In a particularly clear passage, he defines (perhaps unintentionally, for his theme is with other matters) the coordinated practical mystic or knower.

"...intuitive inspiration and instinctive energy are finally tamed and unified in the complete self, which ultimately forms one single personality."
- Dibblee, George Binney, Instinct and Intuition, page 130.

Here we have the mechanism guided and directed in its physical relations and reactions by the apparatus of the instincts, working through the senses, and the brain, and the soul in its turn, guiding and directing the mind through the intuition, and having its physical point of contact in the higher brain. [164] This idea Dr. Dibblee sums up in the words:

"The point at which I have arrived is the definite acceptance of two distinct organs of intelligence in human beings, the thalamus, which is the seat of instinct, and the cerebral cortex, which is the seat of the allied faculties of intellect and intuition."
- Dibblee, George Binney, Instinct and Intuition, page 165.

This position is closely paralleled with that of the Oriental teaching, which posits the functioning coordinating center of the entire lower nature to be in the region of the pituitary body, and the point of contact of the higher Self and the intuition to be in the region of the pineal gland.

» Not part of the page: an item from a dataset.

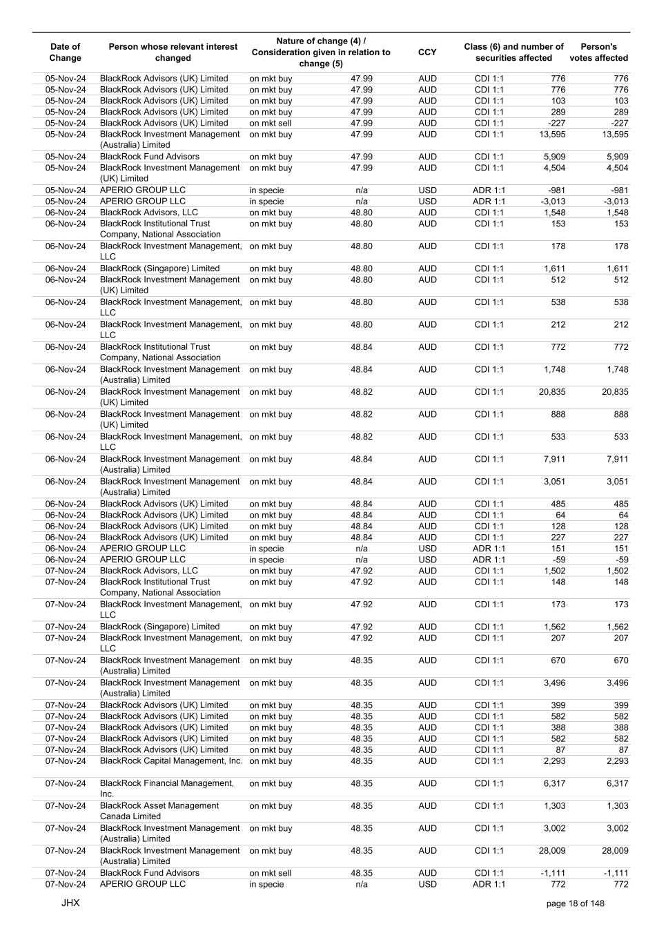 Date of Change Person whose relevant interest changed Nature of change (4) / Consideration given in relation to change (5) Class (6) and number of securities affected Person's votes affected CCY 07-Nov-24 APERIO GROUP LLC in specie n/a USD ADR 1:1 -2,757 -2,757 07-Nov-24 APERIO GROUP LLC in specie n/a AUD CDI 1:1 19 19 08-Nov-24 BlackRock Advisors, LLC on mkt buy 48.69 AUD CDI 1:1 1,483 1,483 08-Nov-24 BlackRock Institutional Trust Company, National Association on mkt buy 48.69 AUD CDI 1:1 145 145 08-Nov-24 BlackRock Advisors, LLC on mkt buy 48.69 AUD CDI 1:1 50 50 08-Nov-24 BlackRock Investment Management, LLC on mkt buy 48.69 AUD CDI 1:1 169 169 08-Nov-24 BlackRock (Singapore) Limited on mkt buy 48.69 AUD CDI 1:1 1,542 1,542 08-Nov-24 BlackRock Investment Management, LLC on mkt buy 48.69 AUD CDI 1:1 203 203 08-Nov-24 BlackRock Fund Advisors in specie n/a AUD CDI 1:1 2,136 2,136 08-Nov-24 BlackRock Fund Advisors in specie n/a AUD CDI 1:1 1,296 1,296 08-Nov-24 BlackRock Institutional Trust Company, National Association on mkt buy 48.58 AUD CDI 1:1 4,524 4,524 08-Nov-24 BlackRock Institutional Trust Company, National Association on mkt buy 48.58 AUD CDI 1:1 746 746 08-Nov-24 BlackRock Institutional Trust Company, National Association on mkt buy 48.58 AUD CDI 1:1 738 738 08-Nov-24 BlackRock Investment Management (Australia) Limited on mkt buy 48.47 AUD CDI 1:1 803 803 08-Nov-24 BlackRock Investment Management (Australia) Limited on mkt buy 48.47 AUD CDI 1:1 5,593 5,593 08-Nov-24 BlackRock Investment Management (UK) Limited on mkt sell 48.47 AUD CDI 1:1 -6,628 -6,628 08-Nov-24 BlackRock Advisors (UK) Limited on mkt buy 48.47 AUD CDI 1:1 388 388 08-Nov-24 BlackRock Advisors (UK) Limited on mkt buy 48.47 AUD CDI 1:1 485 485 08-Nov-24 BlackRock Advisors (UK) Limited on mkt buy 48.47 AUD CDI 1:1 25 25 08-Nov-24 BlackRock Advisors (UK) Limited on mkt sell 48.47 AUD CDI 1:1 -345 -345 08-Nov-24 BlackRock Investment Management (UK) Limited on mkt buy 48.47 AUD CDI 1:1 8,542 8,542 08-Nov-24 BlackRock Institutional Trust Company, National Association on mkt sell 48.47 AUD CDI 1:1 -13,028 -13,028 08-Nov-24 BlackRock Investment Management (UK) Limited on mkt sell 48.47 AUD CDI 1:1 -698 -698 08-Nov-24 BlackRock Fund Advisors in specie n/a AUD CDI 1:1 23,496 23,496 08-Nov-24 APERIO GROUP LLC in specie n/a USD ADR 1:1 -240 -240 08-Nov-24 APERIO GROUP LLC in specie n/a USD ADR 1:1 1,235 1,235 10-Nov-24 BlackRock Advisors (UK) Limited collateral transfer n/a AUD CDI 1:1 -88,878 -88,878 11-Nov-24 BlackRock Fund Advisors in specie n/a AUD CDI 1:1 1,062 1,062 11-Nov-24 BlackRock Fund Advisors in specie n/a AUD CDI 1:1 19,161 19,161 11-Nov-24 BlackRock Fund Advisors in specie n/a AUD CDI 1:1 2,129 2,129 11-Nov-24 BlackRock Fund Advisors in specie n/a AUD CDI 1:1 1,062 1,062 11-Nov-24 BlackRock Fund Advisors in specie n/a AUD CDI 1:1 253 253 11-Nov-24 BlackRock Advisors (UK) Limited on mkt buy 50.00 AUD CDI 1:1 291 291 11-Nov-24 BlackRock Advisors (UK) Limited on mkt buy 50.00 AUD CDI 1:1 194 194 11-Nov-24 BlackRock Advisors (UK) Limited on mkt buy 50.00 AUD CDI 1:1 776 776 11-Nov-24 BlackRock Advisors (UK) Limited on mkt buy 50.00 AUD CDI 1:1 256 256 11-Nov-24 BlackRock Advisors (UK) Limited on mkt buy 50.00 AUD CDI 1:1 227 227 11-Nov-24 BlackRock Advisors (UK) Limited on mkt buy 50.00 AUD CDI 1:1 908 908 11-Nov-24 BlackRock Advisors (UK) Limited on mkt buy 50.00 AUD CDI 1:1 27 27 11-Nov-24 BlackRock Capital Management, Inc. on mkt buy 50.00 AUD CDI 1:1 3,887 3,887 11-Nov-24 BlackRock Financial Management, Inc. on mkt buy 50.00 AUD CDI 1:1 4,791 4,791 11-Nov-24 BlackRock Advisors (UK) Limited collateral transfer n/a AUD CDI 1:1 211,478 211,478 11-Nov-24 APERIO GROUP LLC in specie n/a USD ADR 1:1 -158 -158 11-Nov-24 APERIO GROUP LLC in specie n/a USD ADR 1:1 -2,481 -2,481 12-Nov-24 BlackRock Advisors, LLC on mkt buy 50.07 AUD CDI 1:1 2,457 2,457 12-Nov-24 BlackRock Institutional Trust Company, National Association on mkt buy 50.07 AUD CDI 1:1 289 289 12-Nov-24 BlackRock Advisors, LLC on mkt buy 50.07 AUD CDI 1:1 37 37 12-Nov-24 BlackRock Advisors, LLC on mkt buy 50.07 AUD CDI 1:1 603 603 12-Nov-24 BlackRock Investment Management, LLC on mkt buy 50.07 AUD CDI 1:1 398 398 12-Nov-24 BlackRock (Singapore) Limited on mkt buy 50.07 AUD CDI 1:1 2,226 2,226 12-Nov-24 BlackRock Investment Management (UK) Limited on mkt buy 50.07 AUD CDI 1:1 177 177 12-Nov-24 BlackRock Investment Management, LLC on mkt buy 50.07 AUD CDI 1:1 185 185 12-Nov-24 BlackRock Investment Management, LLC on mkt buy 50.07 AUD CDI 1:1 300 300 12-Nov-24 BlackRock Fund Advisors in specie n/a AUD CDI 1:1 2,129 2,129 JHX page 19 of 148

The situation is, therefore, as follows: The mind receives illumination from the soul, in the form of ideas thrown into it, or of intuitions which convey exact and direct knowledge, for the intuition is ever infallible. This process is in turn repeated by the active mind, which throws down into the receptive brain the intuitions and knowledge which the soul has transmitted. When this is carried forward automatically and accurately, we have the illumined man, the sage.